Adler v Ogden CAP Props.
2015 NY Slip Op 02076 [126 AD3d 544]
March 17, 2015
Appellate Division, First Department
Published by New York State Law Reporting Bureau pursuant to Judiciary Law § 431.
As corrected through Wednesday, April 29, 2015


[*1]
 Briana Adler et al., Appellants,
v
Ogden CAP Properties et al., Respondents.

Lowey Dannenberg Cohen & Hart, P.C., White Plains (Barbara J. Hart of counsel), for appellants.

Herrick, Feinstein LLP, New York (Janice Goldberg of counsel), for respondents.

Order, Supreme Court, New York County (Shirley Werner Kornreich, J.), entered on or about December 13, 2013, which to the extent appealed from as limited by the briefs, granted defendants' motion for summary judgment dismissing plaintiffs Lauren Shoenfeld's and Perri Steiner's breach of the warranty of habitability claim, and limited the scope of the proposed class of plaintiffs, unanimously affirmed, without costs.

The motion court correctly granted summary judgment dismissing plaintiffs' claim that defendants breached the warranty of habitability set forth in Real Property Law § 235-b because plaintiffs' respective residential apartments lacked electricity during and after Hurricane Sandy.

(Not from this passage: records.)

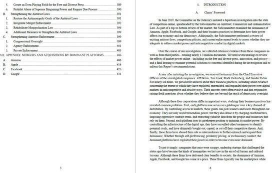 报告开宗明义,指出此次调查由两党共同发起,非某一党派之政治诉求。报告中中详细阐释了亚马逊(NASDAQ:AMZN)、谷歌(NASDAQ:GOOG)、脸书(Facebook,NASDAQ:FB)和苹果(NASDAQ:AAPL)的垄断行为(后文简称为GAFA)。
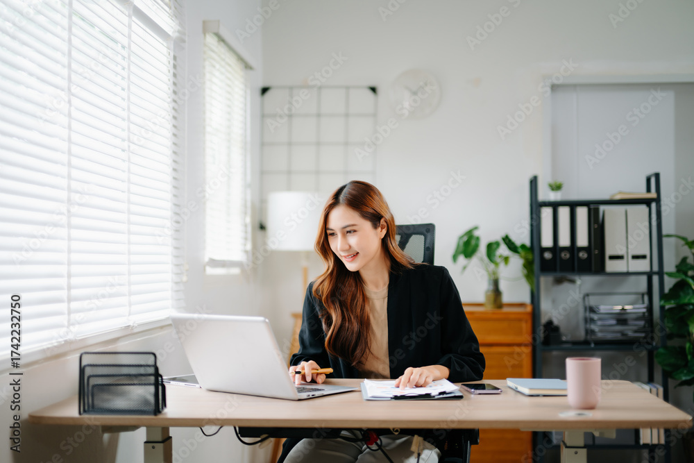 Business woman using tablet and laptop for doing math finance on an office desk, tax, report, accounting, statistics, and analytical research concept in office
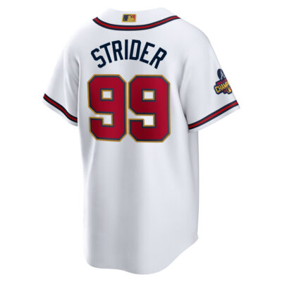 This Spencer Strider Atlanta Braves White 2022 Gold Program Jersey – All Stitched is an essential piece of gear for any Atlanta Braves fan looking to highlight their favorite jersey and player. The Spencer Strider Atlanta Braves White 2022 Gold Program Jersey and team details provide a kickoff-ready look that elevates your excitement for game day. Made with comfort in mind, this Atlanta Braves jersey delivers a standard, lightweight fit and features breathable mesh side panels for added ventilation.
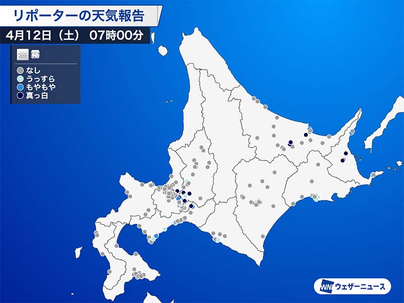 ウェザーニュースアプリのユーザーからの霧の投稿を見ると、道央の石狩南部や南空知、道南の胆振地方、道東の北見周辺など、道内各地から濃い霧の報告が届いています。
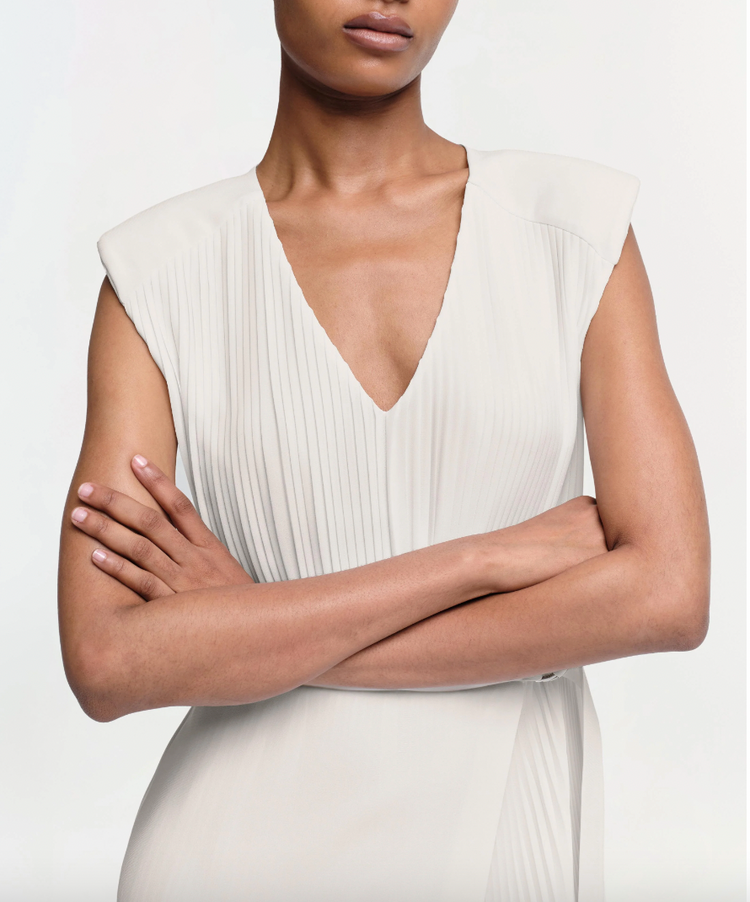 The Margo Dress in Ivory. This sleeveless mini features a plunging V-neckline that adds a touch of allure, complemented by the elegant drape of pleated fabric which creates a refined texture. The asymmetric wrap design is secured with a side tie, enhancing the waistline.
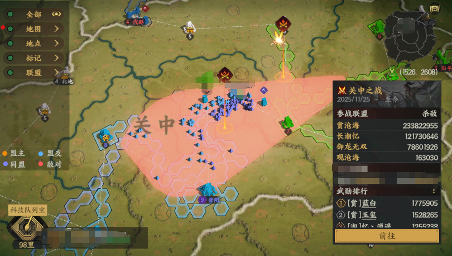此前,从两侧资源州进入关中的【长湘忆】与【赏沧海】,因数次长途远征消耗巨大。直到近期,【长湘忆】和盟友【御龙无双】与【赏沧海】正面接触,几番交锋后,才将战损逐渐扳回。
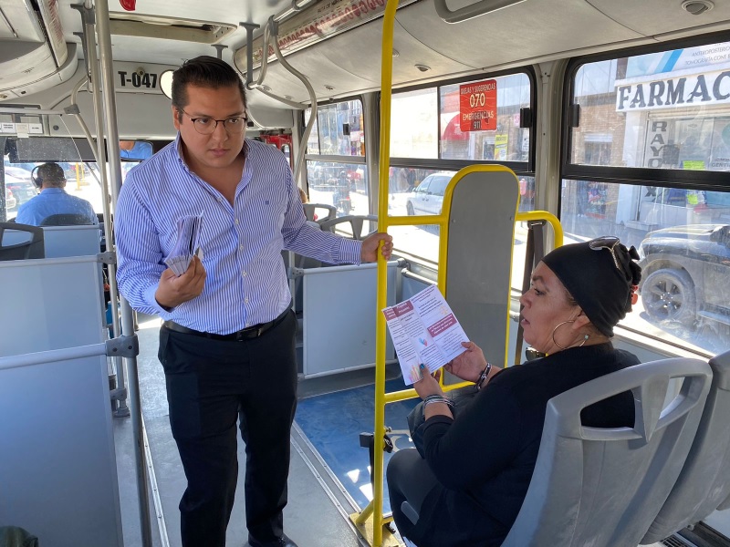 Ciudad Juárez, Chihuahua – Con el propósito de fomentar la conciencia y promoción de los derechos humanos en la ciudadanía, así como difundir los programas y servicios ofrecidos por la Dirección de Derechos Humanos del municipio, personal de la dependencia abordo las unidades del Juárez Bus y la Ruta 3B, responsables de cubrir el área poniente de la ciudad, como parte del programa “Ruta x los Derechos Humanos”.
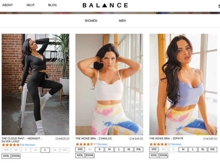 “Balance Athletica”是成立于美国丹佛的一个男女休闲服饰品牌,由 Shopify 提供建站服务。“Balance”是一个家族企业,成立初衷就是照顾到所有体型人群,因此它几乎所有的产品都推出了 XXS-4XL 的尺码,产品以运动服装为主。
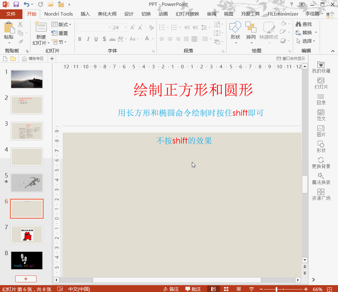 插入——形状——选择长方形/椭圆——按住shift键用鼠标绘制即可得到正方形/圆形(如果不按shift键得到的是长方形和椭圆形)
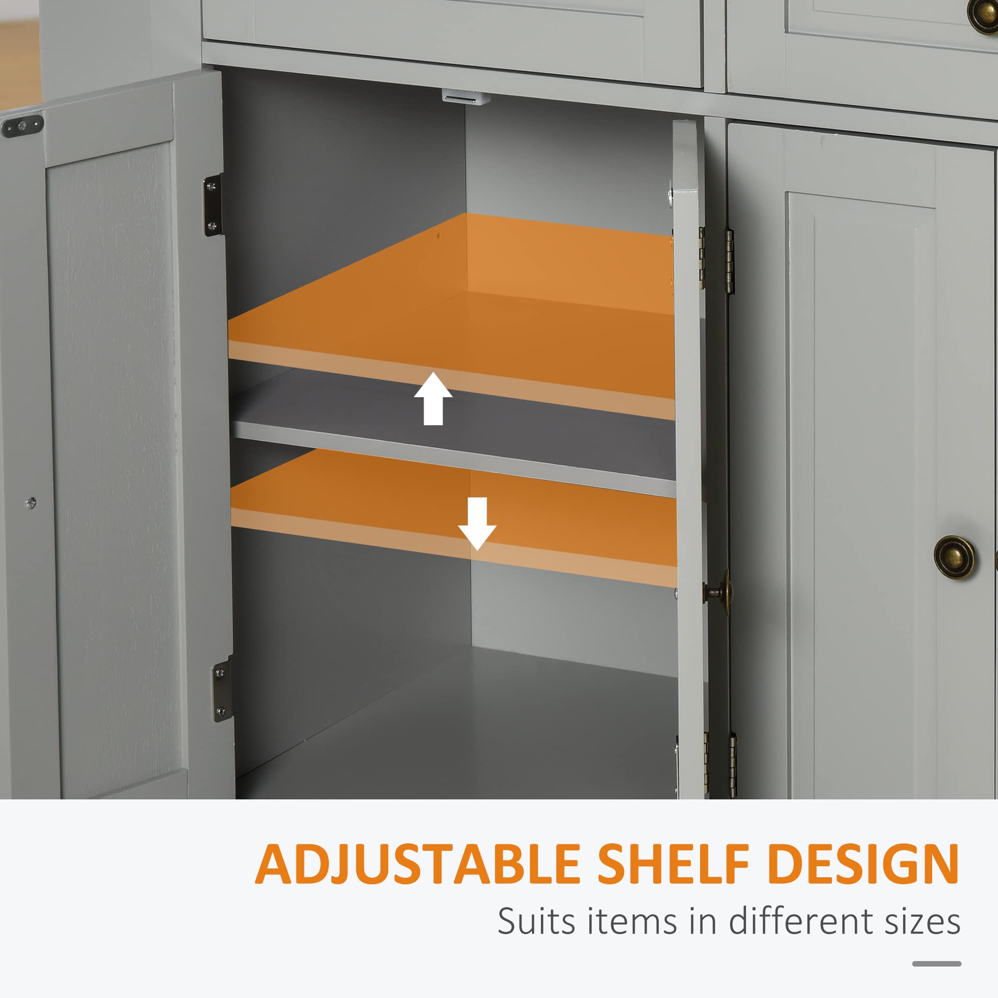 Ample Storage: Includes shelves, drawers, and cabinets to keep kitchen essentials organized and within reach.
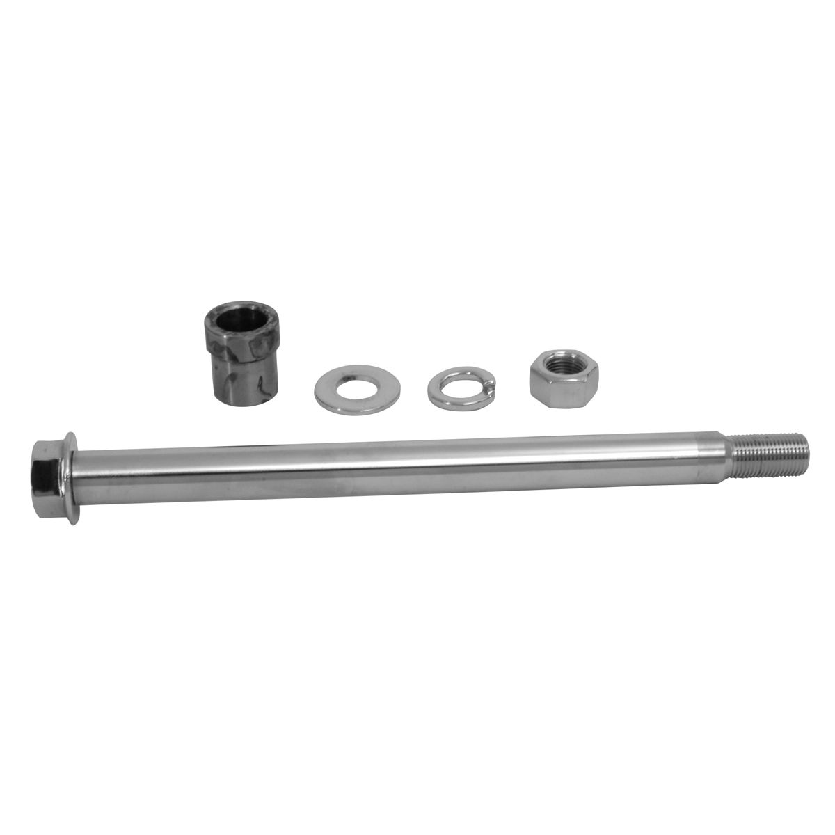 • Kit includes a chrome plated axle, chrome nut, chrome flat washer and chrome lock washer

Plaintiffs left their apartments before they lost electricity and they did not return until after the electricity had been restored (see Genson v Sixty Sutton Corp., 74 AD3d 560, 560 [1st Dept 2010]). In addition, there is no evidence that either plaintiff left their units due to a condition that rendered them uninhabitable or unusable for their intended function of residential occupation (see Solow v Wellner, 86 NY2d 582, 588-589 [1995]).

We have considered plaintiffs' remaining arguments, including that the court improperly limited the proposed class of plaintiffs, and find them unavailing. Concur—Sweeny, J.P., Renwick, Saxe, Manzanet-Daniels and Gische, JJ.